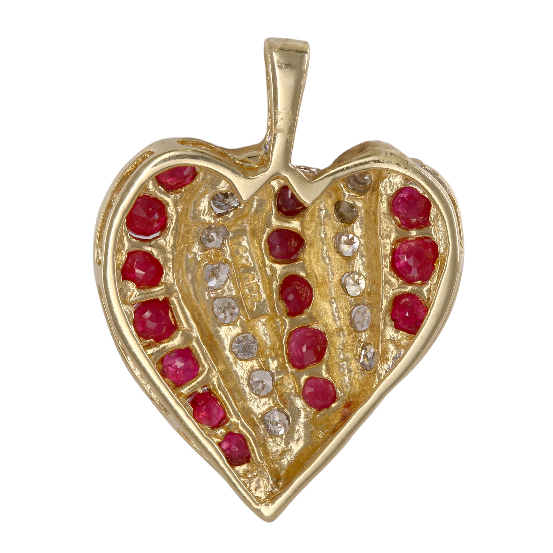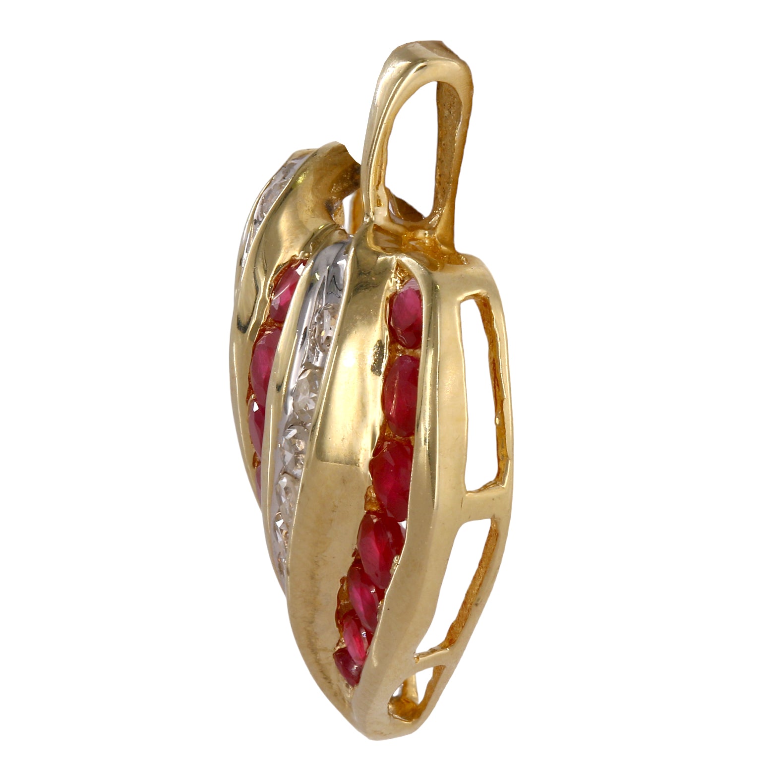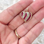 10k solid gold pendant in the shape of a heart, adorned with radiant ruby gems and natural diamonds. It is a timeless and elegant accessory for any occasion and a perfect gift for a loved one.
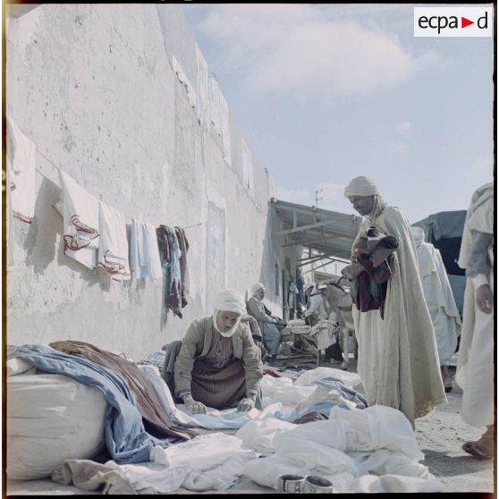 M'Sila. Souks hebdomadaires. Un marchand vend des tissus.
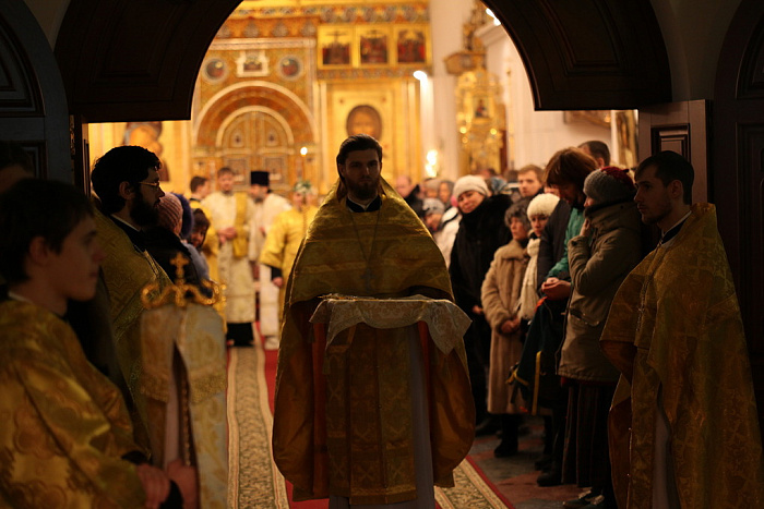 Божественная литургия в Успенском кафедральном соборе Ярославля началась в 23.30, ее провел митрополит Ярославский и Ростовский Пантелеимон. Несмотря на сильные морозы, которые стоят в эти дни, храм был полон. Среди высоких гостей в церкви были первый заместитель председателя правительства области Виктор, Костин, исполняющий полномочия мэра Ярославля Владимир Слепцов. Вот что сказал Владимир Витальевич журналистам, когда вошел в храм:
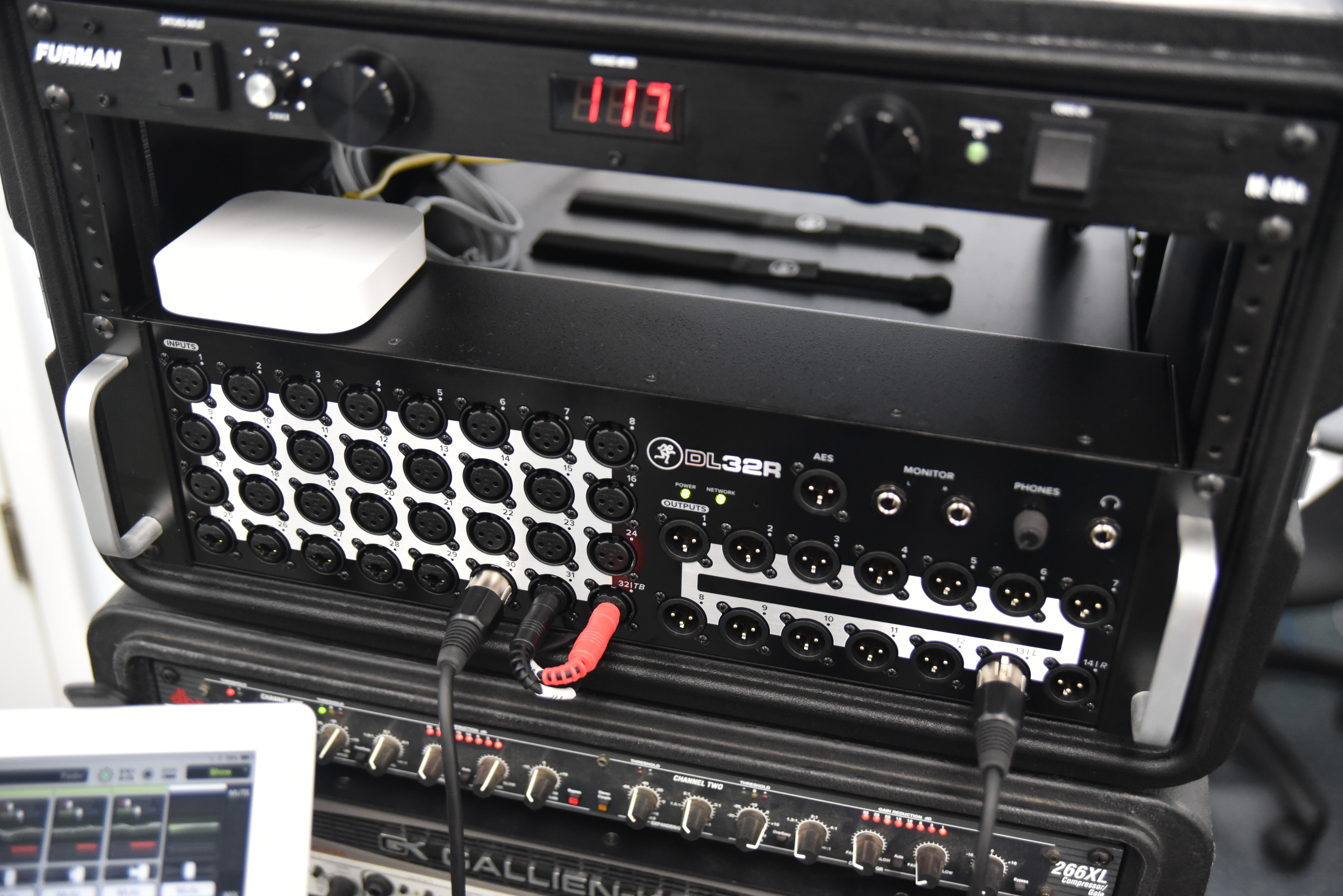 Why? Because new toys arrived and we’re itching to use them for our upcoming shows. We’ve upgraded our audio mixer from the Mackie DL1608 to the Mackie DL32R and put it in a new Gator road rack case with a Furman power distribution system, an Apple AirPort Express Wi-Fi router and a Western Digital 1TB USB hard drive.

§ Description of the task: All of the data must be repeated exactly, except for the pictures.

§ Exercise output:
 10k solid gold pendant in the shape of a heart, adorned with radiant ruby gems and natural diamonds. It is a timeless and elegant accessory for any occasion and a perfect gift for a loved one.
 M'Sila. Souks hebdomadaires. Un marchand vend des tissus.
 Божественная литургия в Успенском кафедральном соборе Ярославля началась в 23.30, ее провел митрополит Ярославский и Ростовский Пантелеимон. Несмотря на сильные морозы, которые стоят в эти дни, храм был полон. Среди высоких гостей в церкви были первый заместитель председателя правительства области Виктор, Костин, исполняющий полномочия мэра Ярославля Владимир Слепцов. Вот что сказал Владимир Витальевич журналистам, когда вошел в храм:
 Why? Because new toys arrived and we’re itching to use them for our upcoming shows. We’ve upgraded our audio mixer from the Mackie DL1608 to the Mackie DL32R and put it in a new Gator road rack case with a Furman power distribution system, an Apple AirPort Express Wi-Fi router and a Western Digital 1TB USB hard drive.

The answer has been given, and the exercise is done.